* _DATA EXCERPTS_:
================================
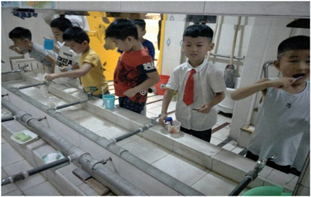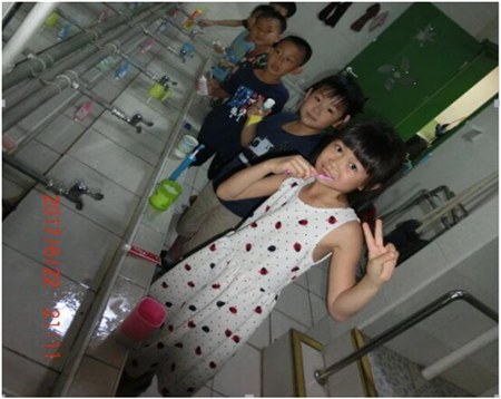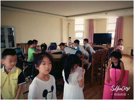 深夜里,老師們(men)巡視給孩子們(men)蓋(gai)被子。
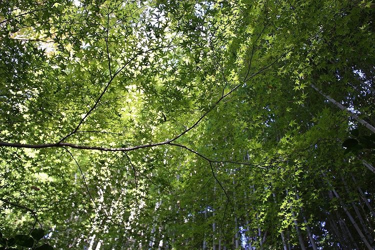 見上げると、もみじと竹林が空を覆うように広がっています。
================================
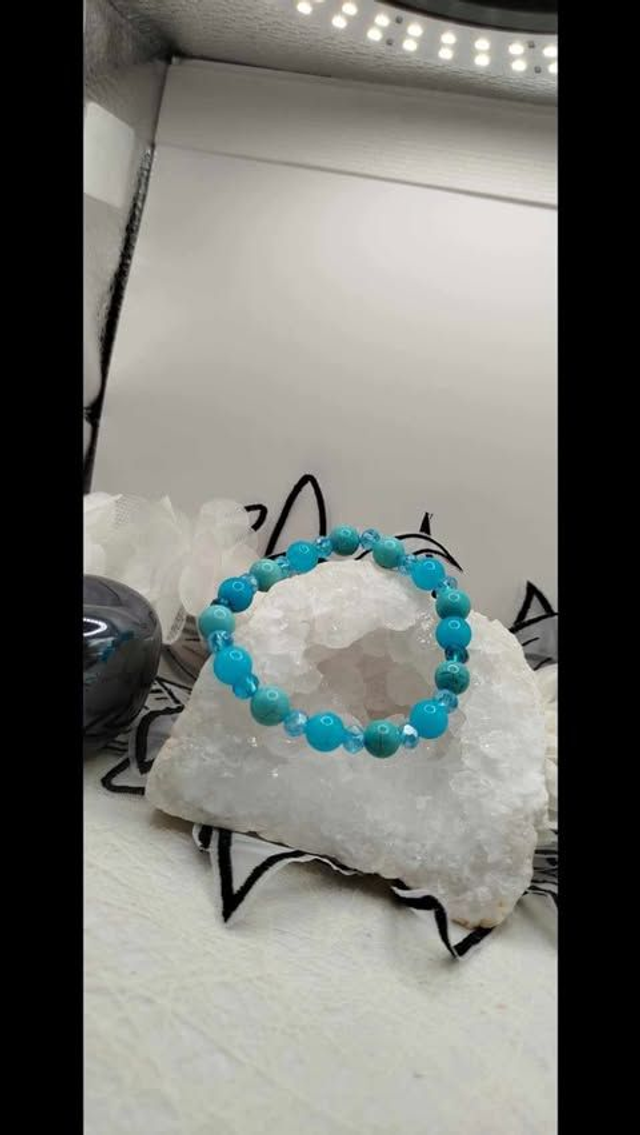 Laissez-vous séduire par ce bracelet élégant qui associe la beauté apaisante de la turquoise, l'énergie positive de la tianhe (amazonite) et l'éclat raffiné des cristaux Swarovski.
================================
* _TASK TO COMPLETE_:
Exact copy, pictures excluded: from the line with "深夜里,老師們(men)巡視給孩子們(men)蓋(gai)被子。" up to and including the line with "見上げると、もみじと竹林が空を覆うように広がっています。" in the data above.

* _TASK SOLUTION_:
 深夜里,老師們(men)巡視給孩子們(men)蓋(gai)被子。
 見上げると、もみじと竹林が空を覆うように広がっています。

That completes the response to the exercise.